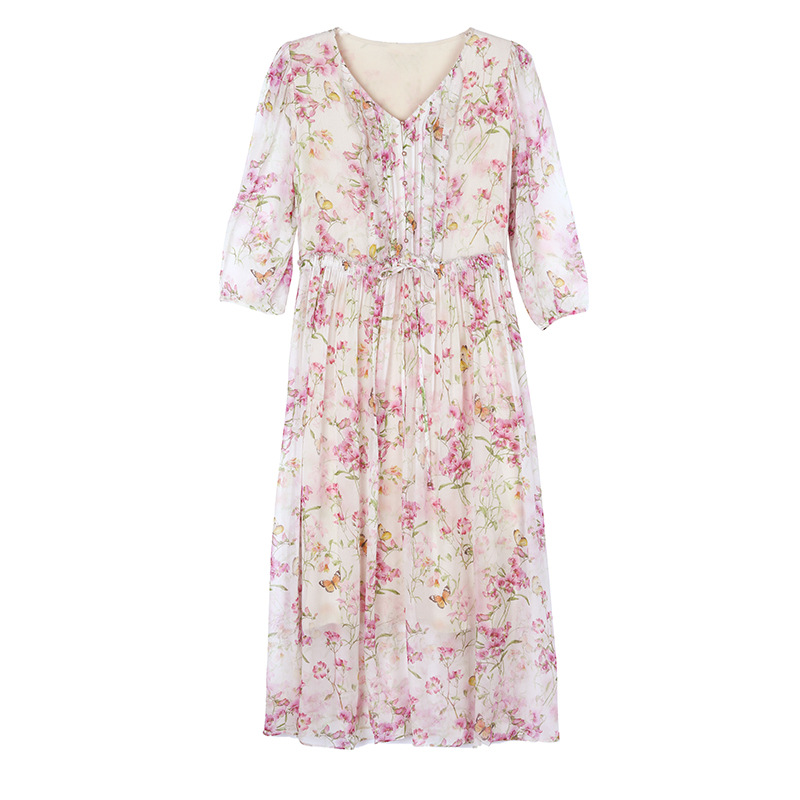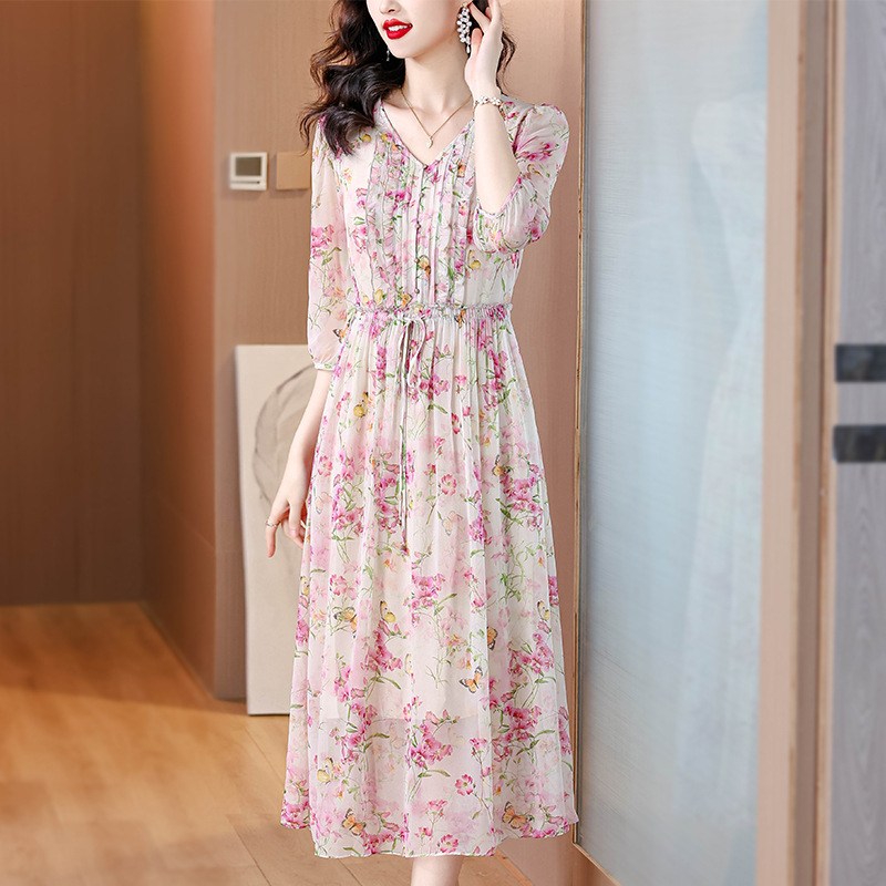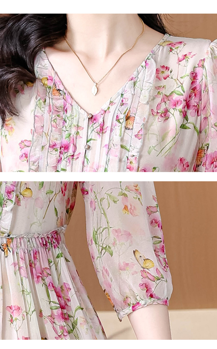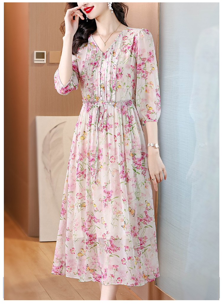 Váy liền dáng chữ A với phần cổ khoét sâu tạo điểm nhấn. Chất vải lụa tự nhiên dày dặn, mềm mại và thoáng mát khi mặc. Thiết kế ôm nhẹ phần eo rồi xòe nhẹ xuống dưới, giúp tôn dáng một cách tinh tế. Sản phẩm phù hợp để mặc trong nhiều dịp khác nhau, từ đi làm đến các buổi gặp mặt. Bạn chỉ cần giặt nhẹ và phơi khô trong bóng râm để giữ form váy và chất vải được bền đẹp. | Tên sản phẩm: Váy Đầm Liền Thân Nữ Chất Liệu Lụa Tơ Tằm Dáng Chữ A Cổ Chữ V - Thời Trang Nữ | Mã sản phẩm: B9447 - Giá: 2.100.000đ | Mã nhà sản xuất: SHRYCT-G05Hình ảnh sản phẩm
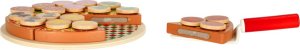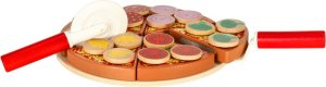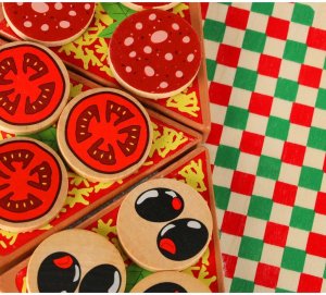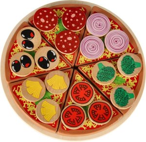 Sada pro zdobení vlastní pizzy. Hračka je vyrobena výhradně ze dřeva. Jednotlivé dílky pizzy lze spojovat pomocí přiloženého suchého zipu. Skvělá hračka, která jistě potěší malého kuchaře. Díky spojení dílků na suchý zip lze pizzu krájet přiloženým nožíkem. Hra pozitivně ovlivňuje rozvoj manuálních dovedností dítěte. Podporuje kreativní myšlení a tvořivost. Vaše dítě si bude moci pizzu ozdobit podle vlastní chuti.
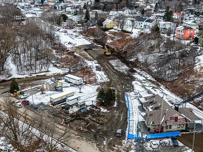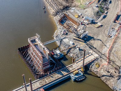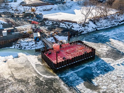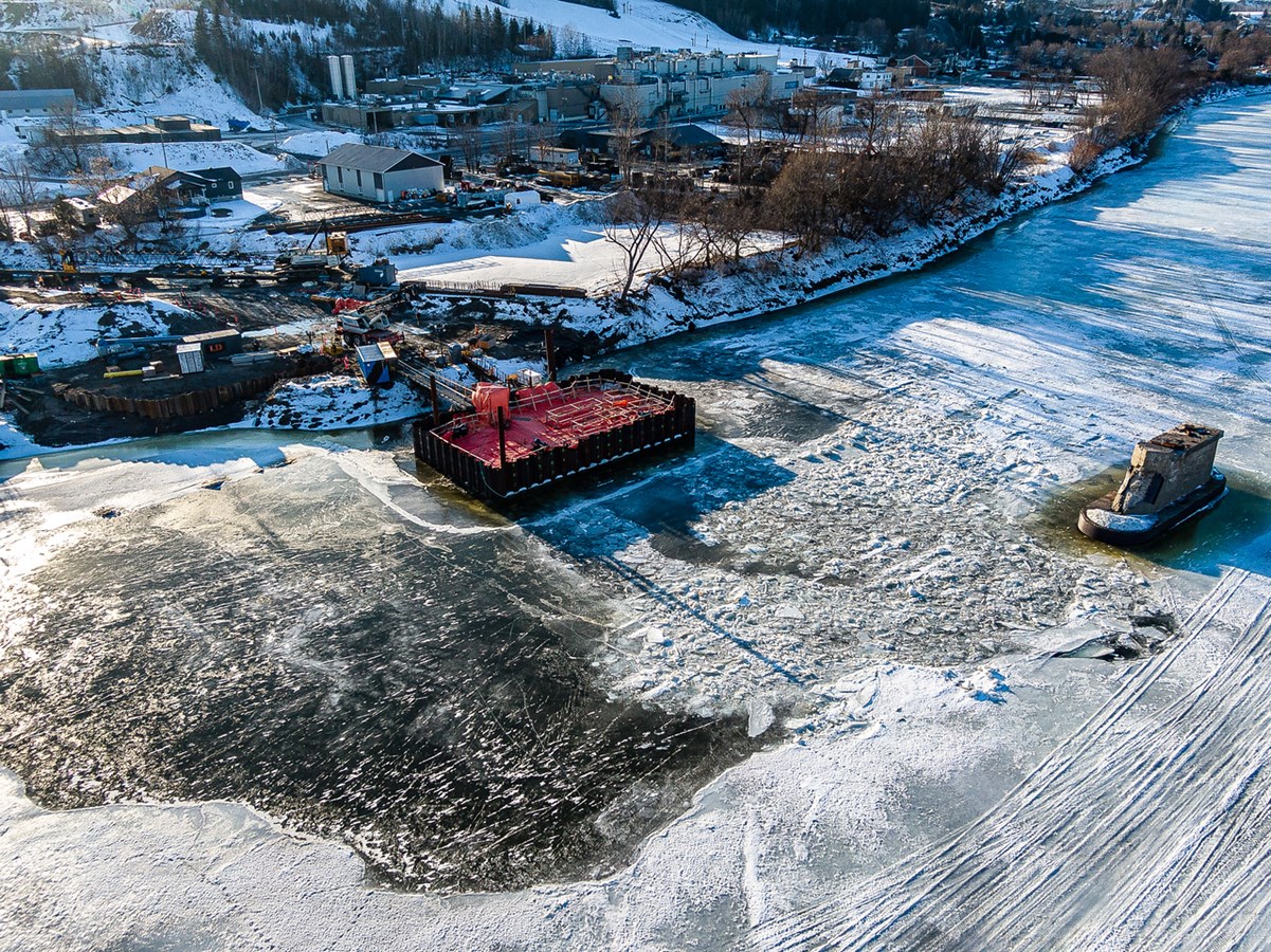 Vol au dessus du futur pont ferroviaire de Vallée-Jonction
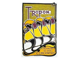 El documento describe a varios artistas pioneros del movimiento Art Nouveau entre finales del siglo XIX y principios del siglo XX. Jules Cheret dominó la litografía a color y representó la belleza y energía femenina. Eugène Grasset se inspiró en el arte medieval y oriental. Theophile Steinlen ilustró la pobreza y clase trabajadora con un estilo realista. Toulouse-Lautrec capturó la vida nocturna de París con gran maestría litográfica. Mucha y Bradley contribuyeron al estilo ornamental del Art Nou
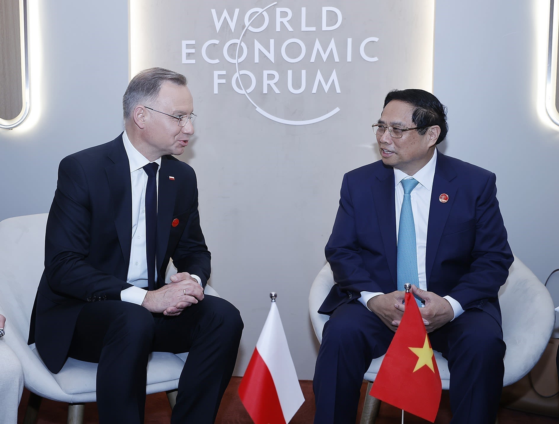 В рамках участия в 15-м ежегодном совещании новых мировых лидеров ВЭФ в Китае 25 июня 2024 г. Премьер-министр Фам Минь Тьинь встретился с Президентом Польши Анджеем Дудой. Фото: ВИА
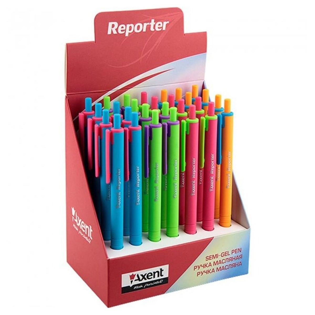 Автоматична масляна ручка, пише синім чорнилом. Різні кольори в асортименті. Довжина: 14 см. Ціна вказана за одну ручку.
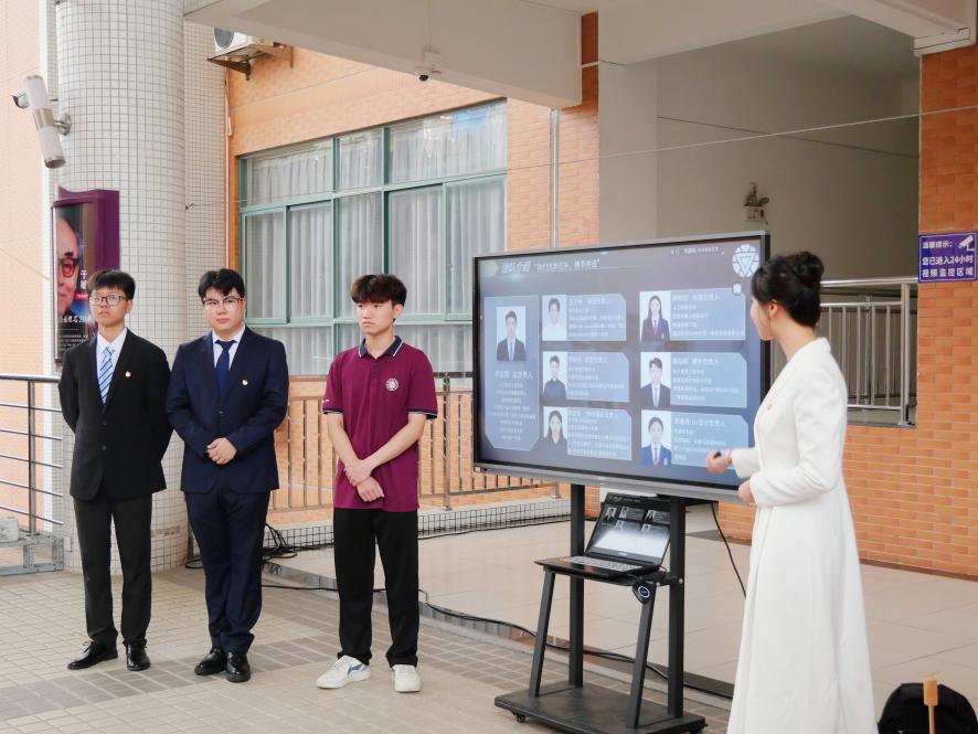 活动伊始,校团委邀请了荣获第十八届“挑战杯”广东大学生课外学术科技作品竞赛特等奖的团队为师生进行现场分享,团队学生代表分别从项目背景、技术创新点、应用价值以及现实意义等方面进行分享,向老师和同学们展示了团队项目成果,引起在场师生的鼓掌点赞。随后,各二级学院团队依次向杜小明等人介绍项目成果。
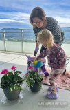 H-hetken koittaessa ja minun sekä Niinan eläessä jännittävän ikimuistoisia hetkiä sairaalla, vietti Fiona hauskoja päiviä isovanhempien kanssa leikkipuistoissa vieraillen, kukkia istutellen sekä leipoen. Tuplasynttäreiden vuoksi juhlaan olikin aihetta ja mansikkakakku teki kauppansa.

________________

From the first line to the last, retype the material exactly and exclude the pictures.

EXERCISE SOLUTION:
 Váy liền dáng chữ A với phần cổ khoét sâu tạo điểm nhấn. Chất vải lụa tự nhiên dày dặn, mềm mại và thoáng mát khi mặc. Thiết kế ôm nhẹ phần eo rồi xòe nhẹ xuống dưới, giúp tôn dáng một cách tinh tế. Sản phẩm phù hợp để mặc trong nhiều dịp khác nhau, từ đi làm đến các buổi gặp mặt. Bạn chỉ cần giặt nhẹ và phơi khô trong bóng râm để giữ form váy và chất vải được bền đẹp. | Tên sản phẩm: Váy Đầm Liền Thân Nữ Chất Liệu Lụa Tơ Tằm Dáng Chữ A Cổ Chữ V - Thời Trang Nữ | Mã sản phẩm: B9447 - Giá: 2.100.000đ | Mã nhà sản xuất: SHRYCT-G05Hình ảnh sản phẩm
 Sada pro zdobení vlastní pizzy. Hračka je vyrobena výhradně ze dřeva. Jednotlivé dílky pizzy lze spojovat pomocí přiloženého suchého zipu. Skvělá hračka, která jistě potěší malého kuchaře. Díky spojení dílků na suchý zip lze pizzu krájet přiloženým nožíkem. Hra pozitivně ovlivňuje rozvoj manuálních dovedností dítěte. Podporuje kreativní myšlení a tvořivost. Vaše dítě si bude moci pizzu ozdobit podle vlastní chuti.
 Vol au dessus du futur pont ferroviaire de Vallée-Jonction
 El documento describe a varios artistas pioneros del movimiento Art Nouveau entre finales del siglo XIX y principios del siglo XX. Jules Cheret dominó la litografía a color y representó la belleza y energía femenina. Eugène Grasset se inspiró en el arte medieval y oriental. Theophile Steinlen ilustró la pobreza y clase trabajadora con un estilo realista. Toulouse-Lautrec capturó la vida nocturna de París con gran maestría litográfica. Mucha y Bradley contribuyeron al estilo ornamental del Art Nou
 В рамках участия в 15-м ежегодном совещании новых мировых лидеров ВЭФ в Китае 25 июня 2024 г. Премьер-министр Фам Минь Тьинь встретился с Президентом Польши Анджеем Дудой. Фото: ВИА
 Автоматична масляна ручка, пише синім чорнилом. Різні кольори в асортименті. Довжина: 14 см. Ціна вказана за одну ручку.
 活动伊始,校团委邀请了荣获第十八届“挑战杯”广东大学生课外学术科技作品竞赛特等奖的团队为师生进行现场分享,团队学生代表分别从项目背景、技术创新点、应用价值以及现实意义等方面进行分享,向老师和同学们展示了团队项目成果,引起在场师生的鼓掌点赞。随后,各二级学院团队依次向杜小明等人介绍项目成果。
 H-hetken koittaessa ja minun sekä Niinan eläessä jännittävän ikimuistoisia hetkiä sairaalla, vietti Fiona hauskoja päiviä isovanhempien kanssa leikkipuistoissa vieraillen, kukkia istutellen sekä leipoen. Tuplasynttäreiden vuoksi juhlaan olikin aihetta ja mansikkakakku teki kauppansa.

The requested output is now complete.